FIG. 10A is a flowchart of a process performed by the information processing apparatus. FIG. 10B is an image diagram illustrating an example of processing performed by the information processing apparatus. As shown in FIG. 10A, in a step S1000, the CPU 402 of the information processing apparatus 120 receives (acquires) a variety of data from the shooting apparatus 110 via the network controller 502. The variety of data includes the image data 900A and the audio data 900B (see FIG. 10B), which have been transmitted in the step S803, and the personal information 900C transmitted in the step S804. The image data 900A, the audio data 900B, and the personal information 900C are stored in the storage 405 of the information processing apparatus 120. Note that in the step S1000, by operating e.g. an operation screen 1800 (see FIG. 18A-A) to designate the shooting apparatus 110 as a data acquisition target and a shooting date, the image data 900A and the audio data 900B satisfying the designation condition can be acquired.
In a step S1001, the CPU 402 controls the audio data analysis section 508 and the audio data conversion section 509 to convert the audio data 900B stored in the storage 405 in the step S1000 to text information (text data) 1400 (see FIG. 14). FIG. 14 is a diagram showing an example of the text information. As shown in FIG. 14, the text information 1400 includes a person ID 1401, a start time 1402, an end time 1403, and a divided text 1404. The person ID 1401 to the divided text 1404 will be described hereinafter with reference to FIG. 14. Further, the detailed process (text conversion process) executed in the step S1001 will be described hereinafter with reference to FIG. 13.
In a step S1002, the CPU 402 selects one image data 900A1 (frame) to be included in a layout image 1010 from within the image data 900A (a plurality of frames) stored in the storage 405 in the step 1000 (see FIG. 10B). This selection is performed, for example, when an operation screen 1810 (see FIG. 18A-B) on which the image data 900A can be confirmed is displayed on the display device 409, and the user selects the desired image data 900A1 on the operation screen 1810 via the input device 407. Thus, in the present embodiment, the operation screen 1810 (input section 407) functions as a selection unit for selecting the image data 900A. Note that one or the plurality of image data 900A1 can be selected on the operation section 1810.

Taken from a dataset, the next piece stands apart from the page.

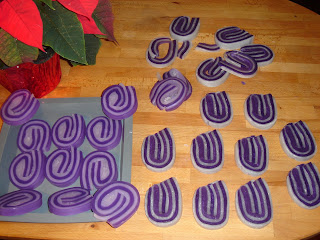 Aren’t they cute? They’re using Kumquat fragrance, non-bleeding purple and either Super Pearly White (soaps on right) or Sparkle Violet (soaps on left) for the contrasting color.

In a step S1003, the CPU 402 controls the image data analysis section 507 to extract a face image (face area) of a person included in the image data 900A1 selected in the step S1002. This extraction is performed by extracting a face image of a person included in the image data 900A1 based on the personal information 900C stored in the storage 405 in the step S1000. Then, specific text information 1020 (see FIG. 10B) generated by converting real voice of the extracted person to text is further extracted from the text information 1400 acquired in the step S1001. Thus, in the present embodiment, the image data analysis section 507 functions as an extraction unit configured to extract the specific text information 1020. Particularly, in a case where the image data 900A is moving image data, the image data analysis section 507 extracts the same person included in image data 900A2 and image data 900A3, which are obtained after the image data 900A1, as the person included in the image data 900A1 selected in the step S1002 (see FIG. 10B). Then, it is preferable to extract a series of text information of real voice uttered by the extracted person from the text information 1400 as the specific text information 1020. This makes it possible to more accurately extract the specific text information 1020 in the case of the moving image data. Note that although the image data 900A2 and the image data 900A3 are the image data obtained after the image data 900A1, depending on the image data 900A1 selected in the step S1002, the same image data is at least one of image data before and after the image data 900A1. The detailed process (face extraction process) executed in the step S1003 will be described hereinafter with reference to FIG. 15.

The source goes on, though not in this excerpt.